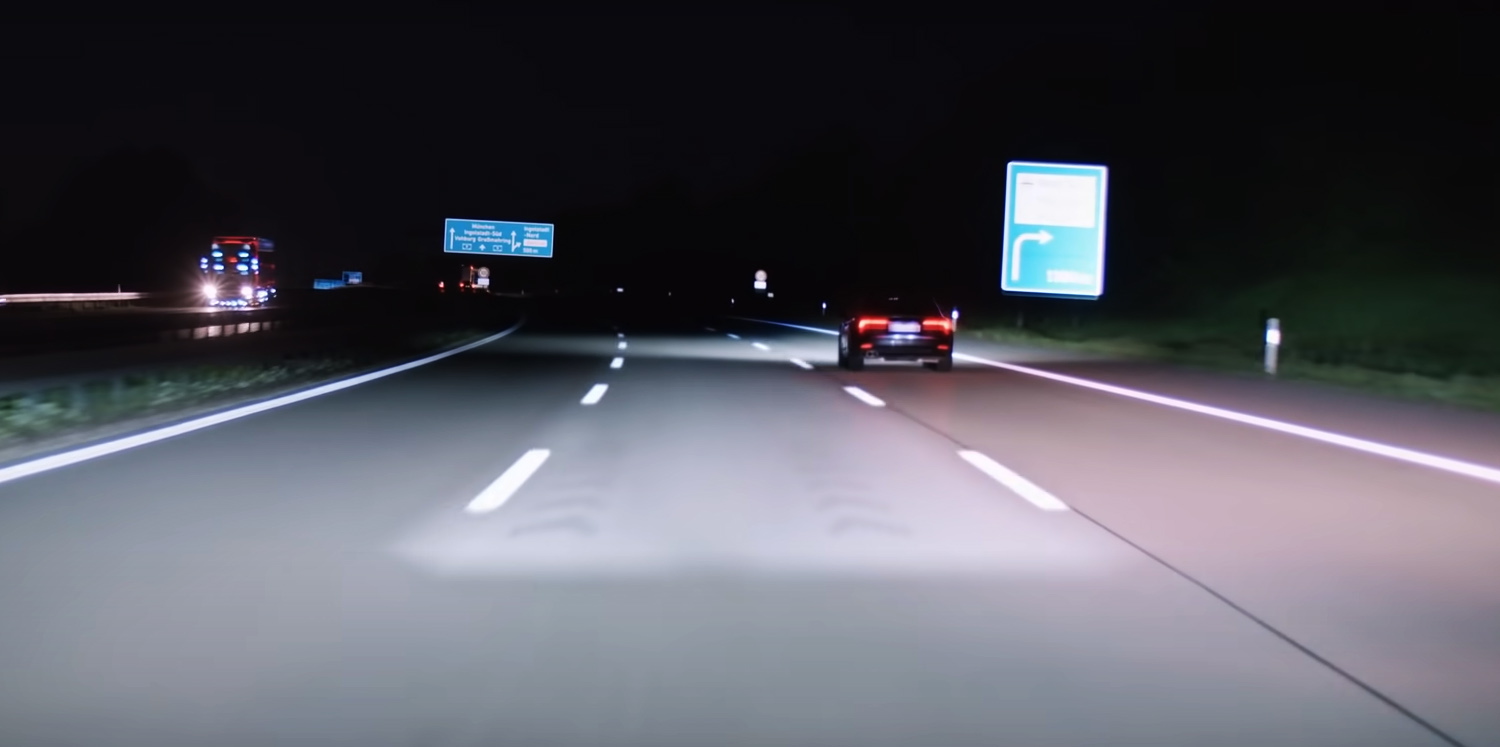 A 50-meter “light carpet” that is designed to keep light within the driver’s lane and extends the carpet left or right when changing lanes and helps to avoid a “blinding” effect for oncoming traffic.
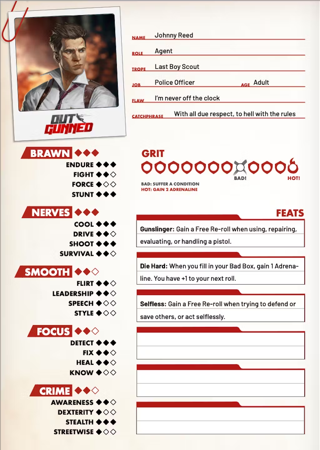 Em Outgunned, você interpreta um herói que, embora muitas vezes em desvantagem e desarmado, enfrenta inimigos poderosos e situações extremas. O jogo utiliza o sistema Director’s Cut, que se baseia em rolagens estratégicas de dados de seis lados para resolver ações arriscadas. O objetivo ao rolar os dados não é obter o valor mais alto, mas sim combinar o maior número de símbolos iguais. Isso torna o jogo menos dependente da sorte e mais focado em estratégia e decisões rápidas, especialmente em momentos de alto risco, proporcionando uma experiência intensa e empolgante.
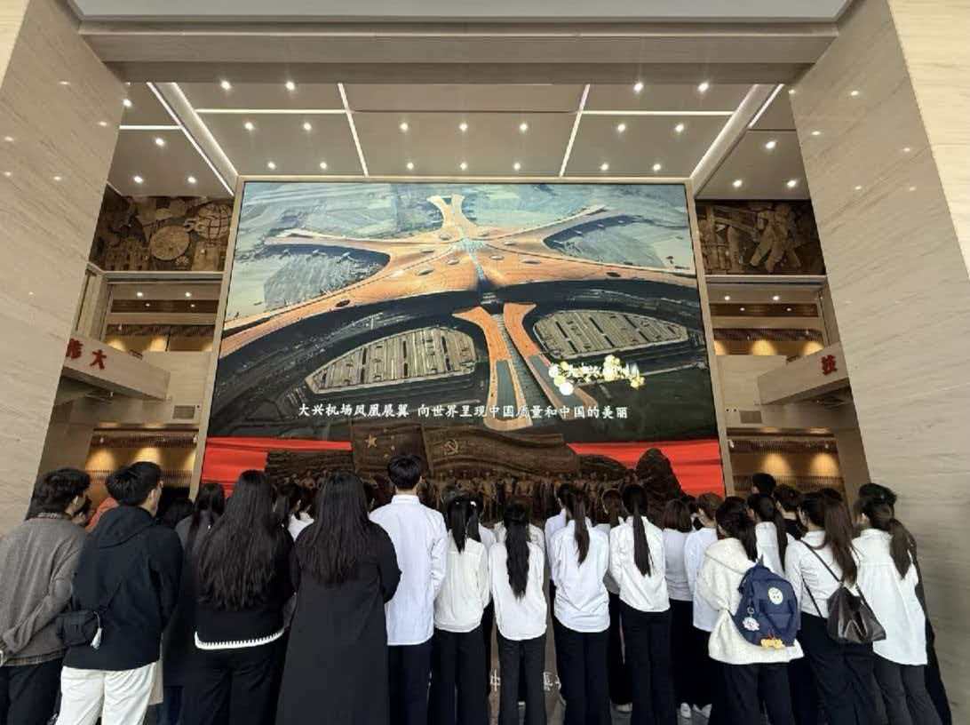 在劳动精神馆,师生们深刻感悟劳动创造历史、实干成就伟业的磅礴力量,通过一件件实物、一幅幅影像,重温红旗渠修建、大国重器研制等重大建设历程,真切体会劳动者不畏艰难、拼搏奉献的奋斗底色。在山东馆,大家驻足观看、认真聆听,深入领略齐鲁大地厚重的历史文脉与新时代山东高质量发展的崭新风貌,直观感受山东在传承弘扬劳模精神、劳动精神、工匠精神中的生动实践与丰硕成果。参观临近尾声,全体党员面向党旗庄严举起右拳,重温入党誓词,铿锵誓言回荡现场,进一步坚定了理想信念,强化了为党育人、为国育才的使命担当。
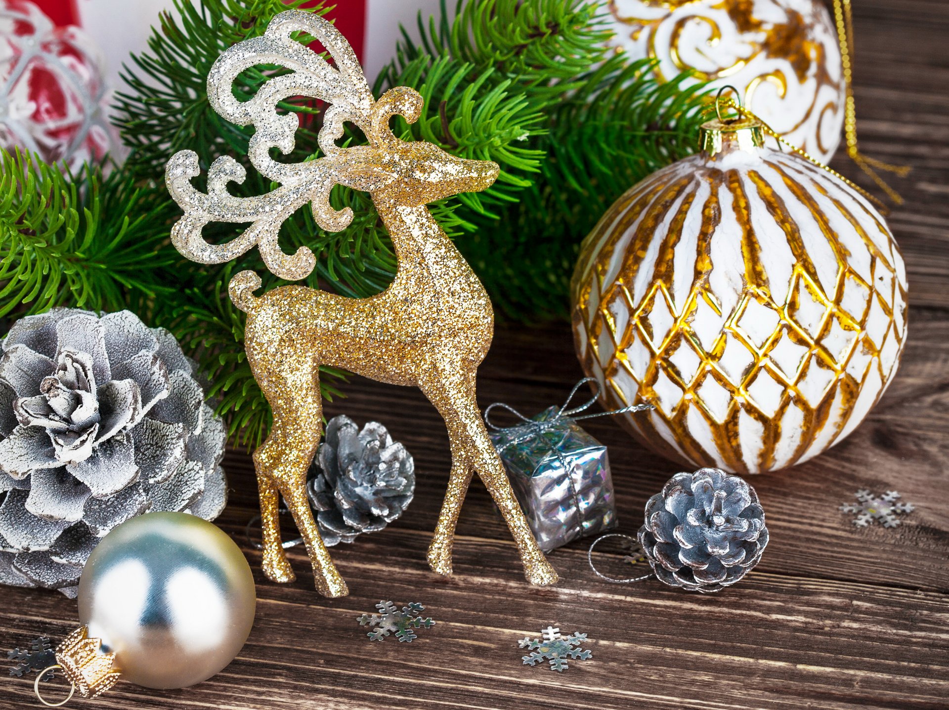 Regalo de año nuevo, estrellas y bola de navidad en una escala de oro sobre un fondo blancoRegalo de año nuevo, estrellas y bola de Navidad en una escala de oro sobre un fondo blanco
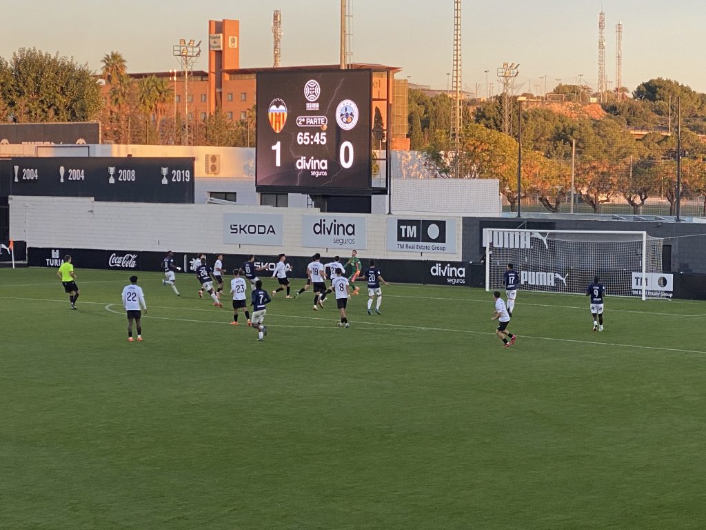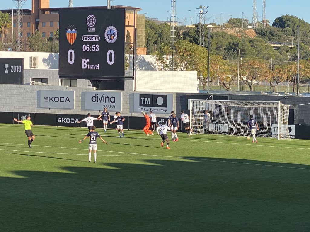 El partido arrancó con un VCF Mestalla con ritmo, chispa e intención de mandar e ir a por la victoria desde el pitido inicial. Prueba de ello es que los de Miguel Ángel Angulo tuvieron la primera clarísima nada más arrancar en una jugada rápida en la que David Otorbi dudó en los metros finales y no supo definir. La respuesta del Atlètic Lleida fue inmediata con un disparo ajustado de Boris Garrós que rozó el palo. Tras ese intercambio llegaría el tanto del filial valencianista en una acción de pura insistencia de Marcos Navarro en la que se libró de dos defensores y centró raso para que Marc Jurado abriera el marcador. El gol tranquilizó a un VCF Mestalla que se colocó bien, cedió la posesión y esperó imprecisiones para castigar al contragolpe a un Atlètic Lleida que se salvó en varias ocasiones, primero por la mala puntería de un ‘Mestalleta’ que rozó el gol en botas de Marc Jurado y Aimar Blázquez, pero sobre todo gracias a una parada antológica de un Pau Torres que voló para tapar con el cuerpo un remate a bocajarro justo antes del descanso. Los de Miguel Ángel Angulo marcharon a vestuarios habiendo ‘perdonado la vida’ a un endeble Atlètic Lleida.

────────────────

TASK REQUIREMENTS — Output every line of the records exactly, excluding all pictures.

YOUR RESPONSE —
 A 50-meter “light carpet” that is designed to keep light within the driver’s lane and extends the carpet left or right when changing lanes and helps to avoid a “blinding” effect for oncoming traffic.
 Em Outgunned, você interpreta um herói que, embora muitas vezes em desvantagem e desarmado, enfrenta inimigos poderosos e situações extremas. O jogo utiliza o sistema Director’s Cut, que se baseia em rolagens estratégicas de dados de seis lados para resolver ações arriscadas. O objetivo ao rolar os dados não é obter o valor mais alto, mas sim combinar o maior número de símbolos iguais. Isso torna o jogo menos dependente da sorte e mais focado em estratégia e decisões rápidas, especialmente em momentos de alto risco, proporcionando uma experiência intensa e empolgante.
 在劳动精神馆,师生们深刻感悟劳动创造历史、实干成就伟业的磅礴力量,通过一件件实物、一幅幅影像,重温红旗渠修建、大国重器研制等重大建设历程,真切体会劳动者不畏艰难、拼搏奉献的奋斗底色。在山东馆,大家驻足观看、认真聆听,深入领略齐鲁大地厚重的历史文脉与新时代山东高质量发展的崭新风貌,直观感受山东在传承弘扬劳模精神、劳动精神、工匠精神中的生动实践与丰硕成果。参观临近尾声,全体党员面向党旗庄严举起右拳,重温入党誓词,铿锵誓言回荡现场,进一步坚定了理想信念,强化了为党育人、为国育才的使命担当。
 Regalo de año nuevo, estrellas y bola de navidad en una escala de oro sobre un fondo blancoRegalo de año nuevo, estrellas y bola de Navidad en una escala de oro sobre un fondo blanco
 El partido arrancó con un VCF Mestalla con ritmo, chispa e intención de mandar e ir a por la victoria desde el pitido inicial. Prueba de ello es que los de Miguel Ángel Angulo tuvieron la primera clarísima nada más arrancar en una jugada rápida en la que David Otorbi dudó en los metros finales y no supo definir. La respuesta del Atlètic Lleida fue inmediata con un disparo ajustado de Boris Garrós que rozó el palo. Tras ese intercambio llegaría el tanto del filial valencianista en una acción de pura insistencia de Marcos Navarro en la que se libró de dos defensores y centró raso para que Marc Jurado abriera el marcador. El gol tranquilizó a un VCF Mestalla que se colocó bien, cedió la posesión y esperó imprecisiones para castigar al contragolpe a un Atlètic Lleida que se salvó en varias ocasiones, primero por la mala puntería de un ‘Mestalleta’ que rozó el gol en botas de Marc Jurado y Aimar Blázquez, pero sobre todo gracias a una parada antológica de un Pau Torres que voló para tapar con el cuerpo un remate a bocajarro justo antes del descanso. Los de Miguel Ángel Angulo marcharon a vestuarios habiendo ‘perdonado la vida’ a un endeble Atlètic Lleida.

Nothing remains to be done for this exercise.